Page 88: Accessing Gene Functional Information Resources

Informational Tools for Genetic Analysis

  • Overview of various databases and platforms available for accessing gene and protein information.

Page 89: Finding GO Annotations in Databases

Multiple Resource Availability

  • Outlining how to efficiently locate GO annotations across different genomic databases.

Page 90: Accessing Comprehensive Gene Reports

Importance of Gene Data Presentation

  • Procedures for navigating through extensive gene information provided by NCBI and other databases.

Page 91: Exploring High Throughput GO Data

Organizational Queries Across GO Terms

  • Demonstrating how GO terms can be used in exploring related genes and their functions.

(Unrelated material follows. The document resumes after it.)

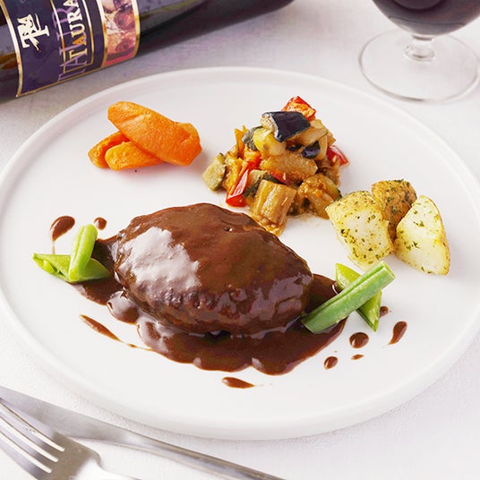 フレンチの王道「赤ワインソース」を人気の「ハンバーグ」と共に!たっぷり使用した赤ワインの風味、フォンドヴォーの旨み、バターのまろやかなコクを口いっぱいにお楽しみください。

Page 92: Necessity of Accurate Annotation Practices

Importance of Curation

  • Highlighting the pivotal role of accurate annotations in interpreting genomic data correctly.

Page 93: Human Phenotype Ontology Use

Applications in Genetic Analysis

  • How phenotype ontologies assist in genetic research for clear associations with disorders.

Page 94: Investigative Uses of HPO

Linking Genes to Phenotypes

  • Exploratory tools for examining the relationships between genetic elements and their physiological manifestations.

Page 95: Mapping Genes to Disease Phenotypes

Annotations of Associative Phenotypes

  • Efforts to connect gene information with clinical representations for comprehensive understanding.

Page 96: Continued Exploration of Genes and Phenotypes

Restrictions in Current Data

  • Current state of data related to gene-phenotype relationships for enhancing research knowledge.

Page 97: Questions and Support Contact Information

Inquiries and Assistance

  • Providing contact information for questions and collaborations in genomic research.